As a senator she voted for the banking lobby’s top priority, the Bankruptcy Reform Act of 2001. The legislation made it more difficult for individuals to erase their personal debts through bankruptcy.
That bill died in Congress, but a later version in 2005 became law. Mrs. Clinton missed that vote, and although she said she would have opposed it, her absence drew the criticism of Sen.
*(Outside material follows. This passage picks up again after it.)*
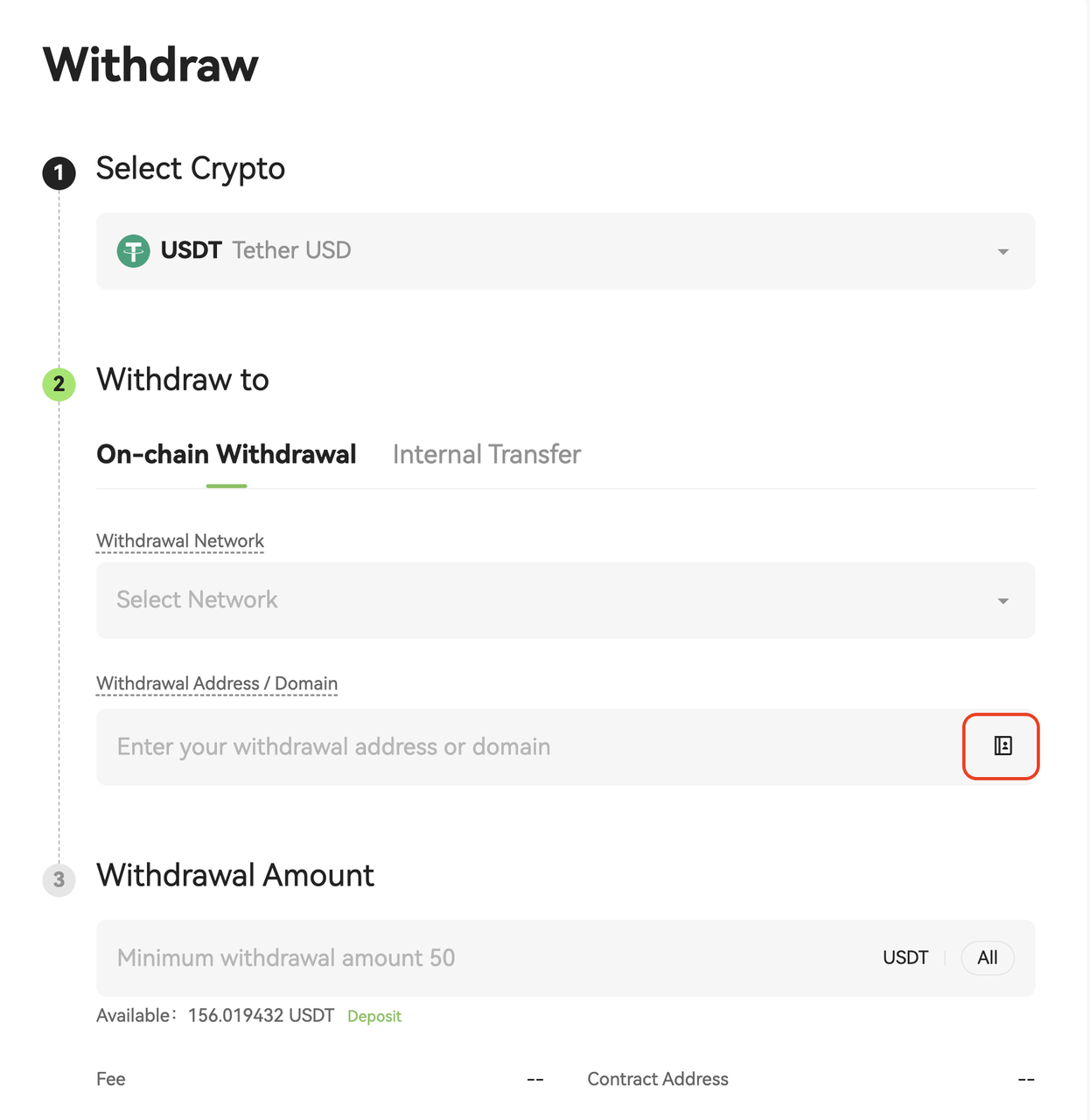 2. On the Withdraw page, click the Address Book icon to the right of the address field

Elizabeth Warren, a Massachusetts Democrat who has become a leading liberal voice.
That same year the Senate Banking Committee voted out comprehensive legislation to tighten the regulation of mortgage giants Fannie Mae and Freddie Mac. At the time the institutions were ramping up their buying of subprime mortgages, giving fuel to the financial bubble. Mrs. Clinton joined a filibuster, and the bill never got a vote in the Senate.
Mrs. Clinton took in $2.1 million from the securities and investment industry in her 2006 re-election campaign — more than the top three Republicans combined.
She voted for bailouts of the housing market, AIG and Fannie Mae, and also supported the Troubled Asset Relief Program, or TARP.
Liberal pundits are angry Hillary Rodham Clinton publicly flogs the financial sector while at the same time accepting millions from it in campaign cash.